Tapi di sisi lain, Lara bosan. Dia juga ingin seperti teman-temannya. Pacaran bertahun-tahun, dijaga dan dimanja. Iri dan miris mengingat hubungannya selalu manis diawal saja.
Siang mulai memanas. Matahari tak lagi ingin menyembunyikan wajah cerianya di balik awan nan egois. Bel pertanda waktu istirahat baru saja berbunyi. Dia mampu menyelamatkan isi perut para siswa, dari cengkraman cacing ganas yang tak lagi dapat diajak berkompromi.
Dengan santai, seorang siswi berjalan menuju kantin sembari mengemut lolipop yang dibawanya dari rumah. Dari kelas yang akan dilewatinya, terlihat Lara tengah celingukan menunggu seseorang.
“Dari mana aja sih, lo?” tanya Lara dengan sedikit nada kesal saat siswi itu tepat berada di depannya.
Beginilah Lara. Dia berani menggunakan panggilan lo-gue hanya dengan Tala. Pada orang lain? Namanya akan selalu berjejeran di abarisan kalimat yang keluar dari bibirnya. Entah karena sudah bersahabat sejak lama, jadi merasa nyaman. Atau karena Lara memang gadis manja.
“Dari kelaslah, masa dari pasar.”
“Iya, gue tahu lo dari kelas. Maksud gue kenapa lo lama banget, Tala. Gue laper nungguin lo. Ngerti nggak, sih?” jelas Lara masih dengan nada kesalnya.
“Jangan salahin gue, Ra. Salahin pak Arya dong, kenapa lama banget keluar kelas. Lagian, lo kan bisa ke kantin sendiri nggak mesti bareng gue.”

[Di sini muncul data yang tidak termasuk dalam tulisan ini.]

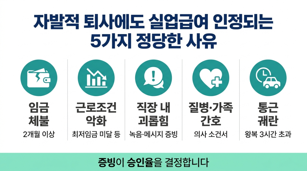 원칙적으로 자발적 퇴사는 실업급여 대상이 아니지만, 고용보험법은 아래와 같은 정당한 사유를 인정합니다.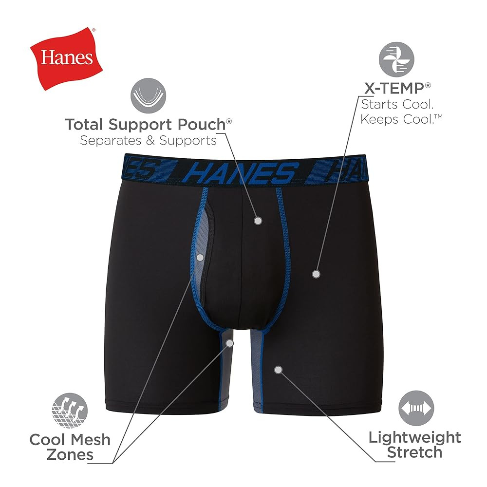 Hanes Men’s Total Support Pouch Boxer Briefs, X-Temp Cooling, Moisture-Wicking Underwear, Regular, Long-leg and Trunk, 3-Pack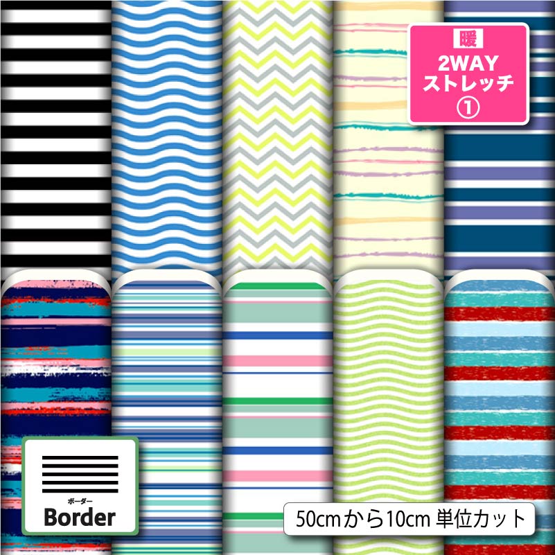 保温 暖2wayストレッチニット1 生地 布 秋冬 ボーダー柄 縦横に伸びる UVカット 商用利用可 ハンドメイド 手作り 手芸 犬服 水着 レオタード クッションカバー (border_1)

“Astaga, Tala. Gue kasih tahu ya. Ini yang namanya kesetiaan. Ini wujud setia gue sebagai sahabat lo dari orok.”
“Lebay lo. Pake ceramahin gue tentang kesetiaan lagi. Perasaan yang nggak pernah lama punya pacar itu lo, Ra,” ucap Tala mulai berjalan ke arah kantin. "Ayo buruan! Katanya laper,” imbuhnya yang menyadari Lara masih berdiri di tempat semula.

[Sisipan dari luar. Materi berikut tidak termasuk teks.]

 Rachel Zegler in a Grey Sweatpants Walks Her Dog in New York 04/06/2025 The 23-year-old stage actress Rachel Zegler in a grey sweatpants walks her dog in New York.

Lara menggaguk, sedikit mempercepat langkah agar dapat menyusul Tala.
“Lo benar,” lontar Lara yang masih memikirkan ucapan sahabatnya itu.
Sejenak Tala menoleh Lara yang berjalan tepat di sampingnya, saat tiba-tiba Lara kembali merespon ucapannya tadi.
“Tapi gue nggak pacaran bukan karena nggak laku,” sangkal Lara tak terima dengan pernyataan Tala yang seolah memiliki makna demikian.
“Terus? Karena apa coba nggak ada cowok yang betah sama lo?”
Lara diam sejenak, “Huftt, lo benar, Tal. Gue juga nggak tahu alasannya. Secara, gue cantik, putih, modis. Nggak ada yang salah ‘kan sama diri gue?”
Tala mengangguk membenarkan pendapat lara.
“Meskipun gue nggak pinter, tapi peringkat lima belas di kelas IPA itu juga bukan berarti gue goblok banget dong.” Lara membela diri.
“Eh bentar, apa karena gue nggak bisa jadi juara kelas makanya, nggak ada cowok yang betah jadi pacar gue?” tanya Lara menghentikan langkahnya, sembari berpikir alasan di balik kisah percintaannya yang tak pernah bertahan lama.
“Ntar aja mikirnya, kita makan dulu. Biar otak lo bekerja lancar.”
“Tapi, Tal, gue butuh alasan.”
“Iya, Lara sayang. Gue tahu. Tapi perut gue juga perlu dikasih asupan. Lo mau berapa lama jalan ke kantin? Mau sampai jam istirahat habis? Jaraknya nggak sampai tiga puluh meter juga, lo udah berhenti berapa kali coba?” protes Tala.
“Sekali.”
“Ah, serah lo deh. Gue pesan makanan dulu.” Tala berlalu menuju meja menu. Di sana sudah ada mang Agus yang siap mencatat semua pesanan.
“Sekalian pesanin gue, Tal!” pinta Lara sedikit berteriak.
Tala hanya mengangguk paham akan permintaan sahabatnya itu.
“Dasar manja.” Tala bergumam.
Meski begitu, Tala tak pernah keberatan untuk mendengarkan keluh kesah sahabatnya ini. Baginya, Lara sudah seperti saudari. Meski sifat manja Lara kerap kali membuatnya jengkel.